4. Easy to Establish and Maintain
Establishing a limited partnership is easy, as only one form needs to be filled out, and the fee is affordable. Each partner's duties are typically static and straightforward. The general partners make business decisions, whereas limited partners offer the funds. The partnership agreement specifies how profits are allocated and how the limited partnership is dissolved.
Limitations of Limited Partnership
Let's look at some disadvantages of limited partnership business:
- Unlimited Liability for General Partners.
General partners bear unlimited liability, so creditors can pursue them to repay business debts. This poses a risk compared to limited liability companies (LLCs) and corporations, where owners have limited liability.
- Limited Tax Flexibility
The flexibility of LP is limited, unlike that of LLCs. You don’t have a choice between being taxed as a pass-through model or as a corporation. Partnerships can’t choose to be taxed in the form of a corporation. Moreover, owners should state their profits on returns.

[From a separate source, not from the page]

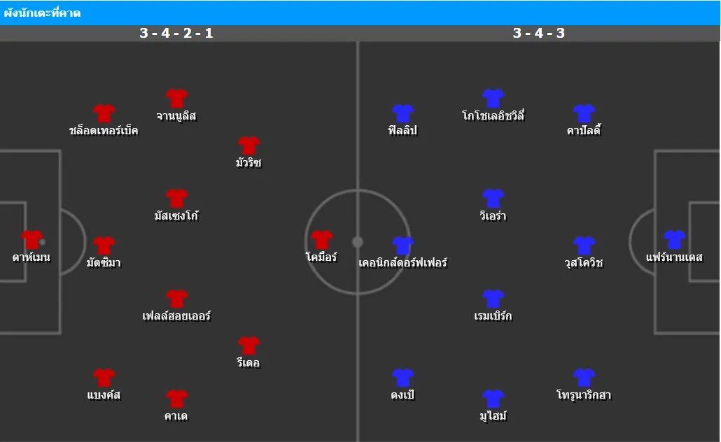 ผู้เล่นคาดการณ์ในแนวรุกและแดนกลางมีตัวหลักอย่าง ฟาเบียน รีเดอ, อเล็กซิส โคล้ด-มัวริซ และ เมิร์ต โคมือร์ เป็นแกนหลักในการสร้างสรรค์เกม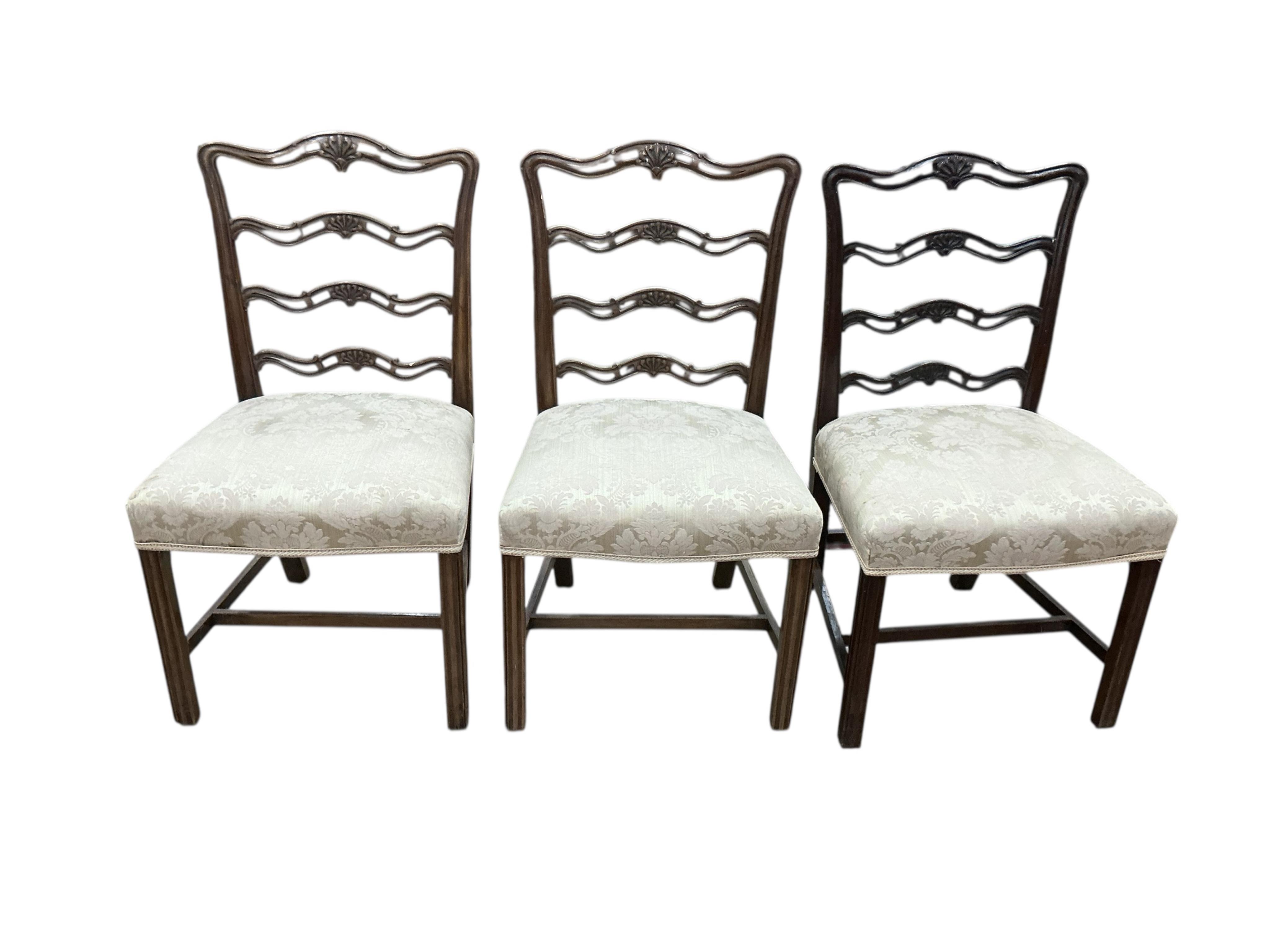 A set of eight Chippendale style pierced ladder back mahogany dining chairs, two with arms

- Limited Decision Capability
Limited partners don’t have decision-making authority. They can work as a general partner and be involved in the business decision-making process. However, doing so makes their limited liability protection vulnerable. To protect personal assets, limited partners should not be involved in management decisions. However, if they are not involved, it can be challenging to invest in a business without control.
Conclusion
Limited partnerships are suitable entities to raise capital for asset pools and particular investments. They help limited partners make investments while simultaneously mitigating their liability. Investment partnerships and hedge funds are widely used because they allow capital to be raised without abandoning control.
FAQs
1. When is a limited partnership considered the best choice?
Formulating a limited partnership is wise if one partner hopes to administer the business and the rest of the partners plan to capitalize.
2. How does a limited partnership vary from a limited liability company (LLC)?
Limited partnerships consist of general partners and limited partners. Conversely, an LLC can allow limitless members to participate. Usually, all members of an LLC have managerial rights, whereas limited partners in a limited partnership are not actively engaged in business operations.
3. Is it easy to form a limited partnership? How?
Creating a limited partnership is easy because it adopts a less formal structure and does not require annual meetings. Moreover, limited partnerships allow business owners to secure new investments without compromising their control.
4. How does a limited partnership operate if a general partner dies?
If a general partner of LP dies, the partnership may be dissolved and the company confiscated. However, if the LP business has multiple general partners, the rest of the partners can sustain business operations.